WASHINGTON - Barack Hussein Obama became the nation's 44th president Tuesday, telling a crowd that stretched from the steps of the Capitol to the Lincoln Memorial, and a watching nation, that "we must pick ourselves up, dust ourselves off and begin again the work of remaking America."
The ascent of the country's first black president, and the peaceful transfer of power in tumultuous times both at home and abroad, drew an enormous mass of well-wishers and witnesses to history. An early estimate from a senior security official put the number of people on the National Mall at 2 million.
Obama outlined the challenges facing the country: a collapsing economy, wars on two fronts, a lack of confidence in government and enemies who hate the very way of American life.
They can be addressed, he said, with "a new era of responsibility - a recognition, on the part of every American, that we have duties to ourselves, our nation and the world, duties that we do not grudgingly accept but rather seize gladly, firm in the knowledge that there is nothing so satisfying to the spirit, so defining of our character, than giving our all to a difficult task.
"This is the source of our confidence - the knowledge that God calls on us to shape an uncertain destiny."
The birth of a new administration always marks a burst of American excitement and anticipation, and in Obama's case, a surge of optimism in a country beset by troubles. But perhaps no inauguration in recent times has matched the anticipation attending the senator from Illinois, who made "hope" and "change" the bywords of his campaign.
Obama was accompanied to the West Front of the Capitol by President George W. Bush and sworn in by Chief Justice John G. Roberts Jr.
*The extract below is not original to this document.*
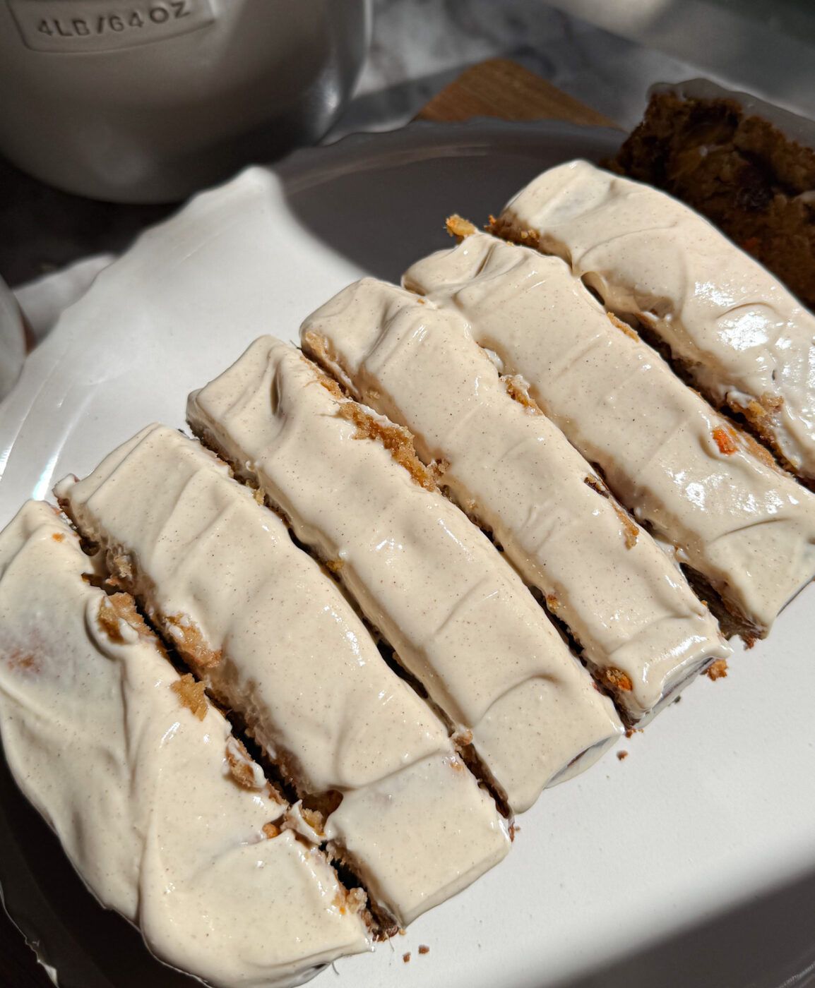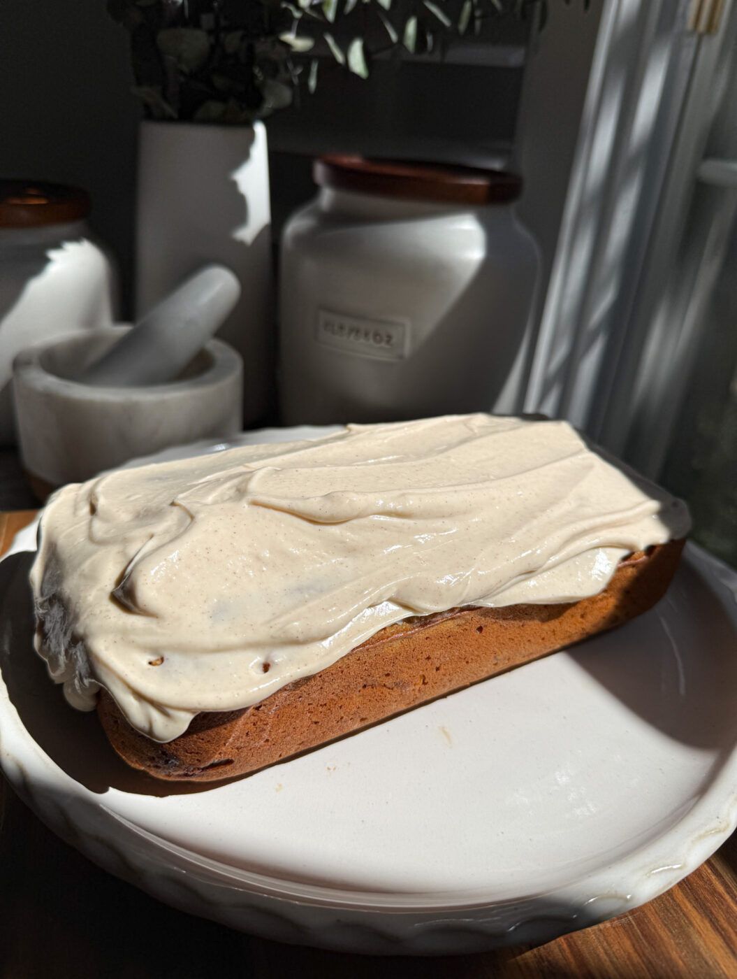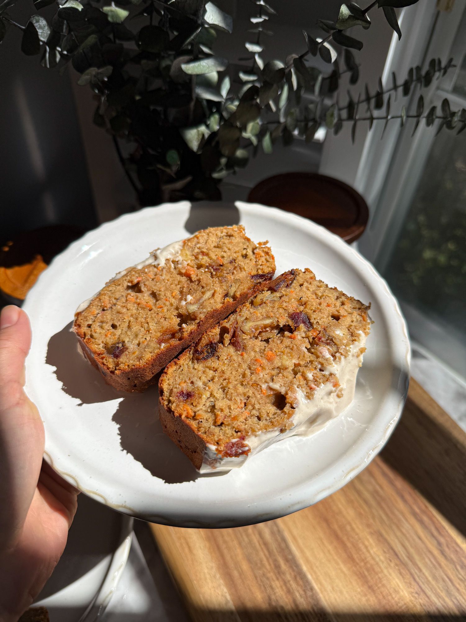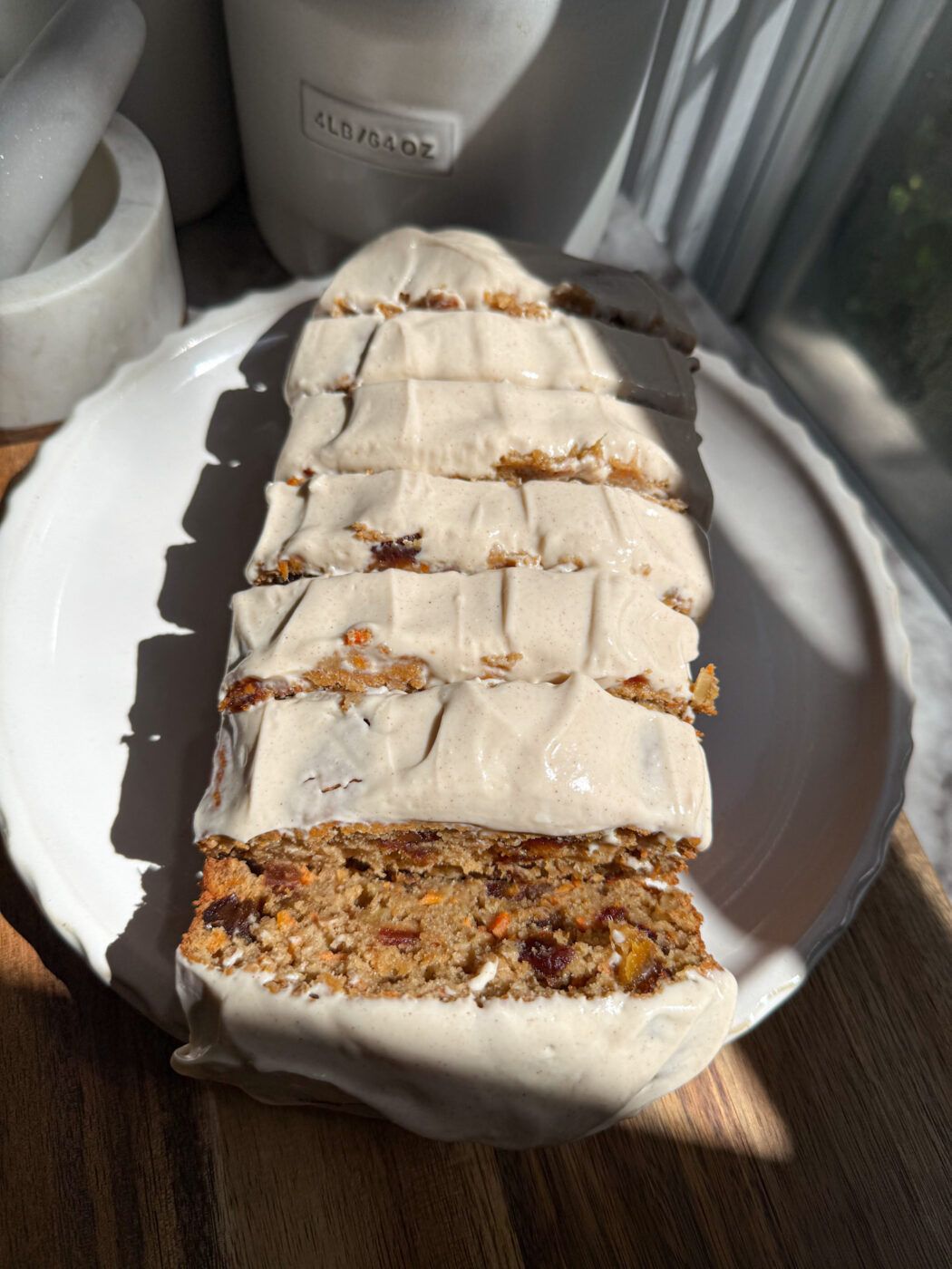chopped dates melt into the crumb for natural sweetness, walnuts add texture, and shredded carrots bring that classic carrot cake feel. it’s finished with a lightly sweet maple cinnamon cream cheese frosting that ties everything together without overpowering the bread.

Obama took the oath by stating his full name, the one he said opponents once used to try to make him seem apart from mainstream America.
It was the first time the chief justice administered the oath - indeed, the first time any chief justice had sworn in a man who voted against his confirmation - and both men stumbled over the words. But the sight of the two youthful leaders - Roberts, 53, the second-youngest chief justice, and Obama, 47, one of the youngest men elected president - underscored the theme of generational change.
So did the presence of the youthful Michelle Obama and the couple's two grade-school daughters, Malia and Sasha, dressed in candy tones of blue and pink.
Continuity was marked by the swearing-in of former Delaware Sen. Joseph R. Biden Jr. as vice president, the oath administered by 88-year-old Justice John Paul Stevens, a Republican appointee who is now the leader of the court's liberal contingent and the second-oldest man to serve on the court.
Obama laid his hand on the burgundy-velvet-covered Bible that was used by Abraham Lincoln in 1861, and history again trembled. The chief justice that day was Marylander Roger Brooke Taney, the author of the Dred Scott decision that said blacks could never be citizens. The Constitution, Taney said, recognized blacks as "beings of an inferior order, and altogether unfit to associate with the white race, either in social or political relations."
Obama called it the "meaning of our liberty and our creed" that those days are no more: "Why men and women and children of every race and every faith can join in celebration across this magnificent Mall, and why a man whose father less than 60 years ago might not have been served at a local restaurant can now stand before you to take a most sacred oath."
It was his most overt reference to the historical significance of his achievement.
History, history: the word was on the lips of nearly everyone who rode buses through the night or crowded Metro platforms in pre-dawn darkness or walked through crowded streets just to get to a point where, with luck, the new president would be a speck on the horizon.
Ellamae Simmons, 90, was hoisted out of her wheelchair by two young family members, who carried her down the escalator at the Farragut North Metro station at 6:30 a.m. The first train to arrive was too crowded for the wheelchair, but Simmons, a retired doctor who flew in from San Francisco on Saturday, did not complain about waiting for a later train.
"I would have gone across the water to see Mr. Obama," Simmons said as she boarded.
The day marked the end of an extraordinary journey to the White House. Obama becomes perhaps the country's most improbable president, the son of a Kenyan scholar and a white Kansas mother, raised in the exotic climes of Hawaii and Indonesia and bearing what he describes as a "funny name."
Just five years ago, he was a middle-of-the-pack Illinois state senator in Springfield, and now fills the nation's highest office even before finishing his first term in the United States Senate.
But his candidacy inspired young voters and an unprecedented outpouring of African American voters, and his motivational message drew independents and disaffected voters of both parties.
Bishop T.D. Jakes drew from the campaign for his sermon at the morning church service at St. John's Episcopal Church, where the Obamas joined Biden and his wife, Jill Biden.
"The problems are mighty and the solutions are not simple and everywhere you turn there will be a critic waiting to attack every decision that you make," Jakes said. Then came a message borne of inspiration and campaign rhetoric: "But you are all fired up, sir, and you are ready to go. And this nation goes with you. God goes with you."